Where it stops: four blind spots

The Compliance API is a strong identity-and-content feed for claude.ai sessions. Four gaps matter for a mortgage compliance program, and the first one is the big one.

1

Cowork is excluded

Claude Cowork — the Microsoft 365 / Teams / SharePoint integration most regulated lenders will actually run on — is excluded from the Compliance API, the audit logs, and data exports. That history stays on user laptops. For the workflow this site recommends, the API captures nothing.

2

No tool, MCP, or sub-agent traces

The feed records that a session happened, not what the model did inside it: which prompts ran, which model answered, what tools were called, what they returned. Those signals live in OpenTelemetry, which Anthropic itself flags as not audit-grade.

3

Raw, not structured

Even where content is retrievable, it is an unstructured conversation dump. A chat transcript does not tell an examiner that §1024.41(b)(2) got refreshed, which obligation IDs were checked, or what changed in the P&P. That is the work; the API gives you the session, not the finding.

4

180-day retention

Anthropic keeps this data for 180 days. Mortgage compliance retention runs years. To keep an audit trail you have to export and retain it yourself: “it’s on Anthropic’s side” is a reason to export on a schedule, not a reason to relax.

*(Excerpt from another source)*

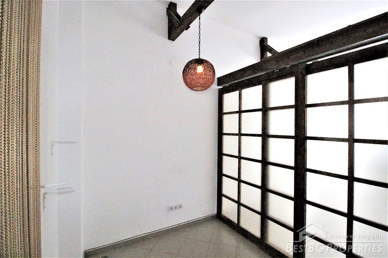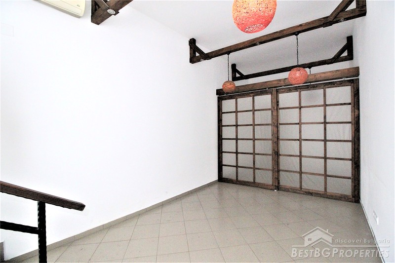 The apartment has total size of 31.81 sq m of which only 2.31 sq.m are the common parts. The layout is as follows: large whole premise divided into 2 rooms with sliding wall, storage room and a sanitary premise. The completion is turnkey. The flooring is terracotta, walls - latex, PVC joinery, air conditioning.

Where Compliance for Claude fits

Compliance for Claude is built for the four gaps above. The Compliance Log is a structured workflow you attach to a Claude session:

Pairing them: what works today, what’s buildable

Where you have both — Claude Enterprise on claude.ai, plus the Compliance Log on your reviews — the two are complementary: the API binds identity and timing, the Compliance Log carries the substance. A reconciliation that joins them on timestamp + user + filename (every API session that touched a P&P, matched to its Compliance Log output, with the unmatched rows flagged) is a natural next build.

To be clear: that reconciliation tooling is not built yet. It is a near-term pilot, and it only helps for claude.ai sessions — Cowork has nothing on the API side to join against. Today the durable move is simpler: run the Compliance Log on every review and keep its output, in your own retained library, alongside whatever the API export gives you.

Turning the feed on

The Compliance API is admin-only. It is unlocked by a Compliance Access Key the primary owner creates in claude.ai (full access), or an Admin API key in the Console (Activity Feed only). The CCO usually needs IT to enable it. Here is a request template the CCO can hand IT verbatim:

Compliance team request: Enable + export Claude Compliance API for
audit-trail review.

Scope: Members of {[email protected]}.
Slice: Sessions where attached files match /pp/* OR session title contains
       any of {"P&P", "policy", "review", "refresh", "Compliance for Claude"}.
Frequency: Monthly export, NDJSON or CSV (Anthropic retains 180 days, so
           export on a schedule and retain on our side).
Retention: 7 years on our side (matches firm's compliance record-retention
           policy).
Reason: Standing audit-trail program for AI use on compliance work.
        Supports OCC AI accountability expectations + your AI inventory
        obligations.
Note: claude.ai sessions only — Claude Cowork is not covered by the
      Compliance API, so Cowork reviews rely on the Compliance Log artifact.
Destination: {[email protected]} SharePoint library
             "Compliance for Claude Reviews / _evidence-feed".

Compliance team owns the report and remediation; IT owns the feed plumbing.

What you can do today

  1. Check your plan. Enterprise almost certainly has the Compliance API (ask IT to enable it). Team has a capped CSV audit export only. Pro has none.
  2. Turn on the feed for your claude.ai sessions and export it on a schedule into a library you control. Anthropic keeps only 180 days, so the retained copy is on you.
  3. Use the Compliance Log on every P&P review — especially in Cowork, where the API cannot reach. The Compliance Log drops into any project or Cowork session.
  4. Keep the Compliance Log outputs in your own retained library. Same SharePoint folder as the API export. See the Microsoft 365 walkthrough for the recommended folder shape.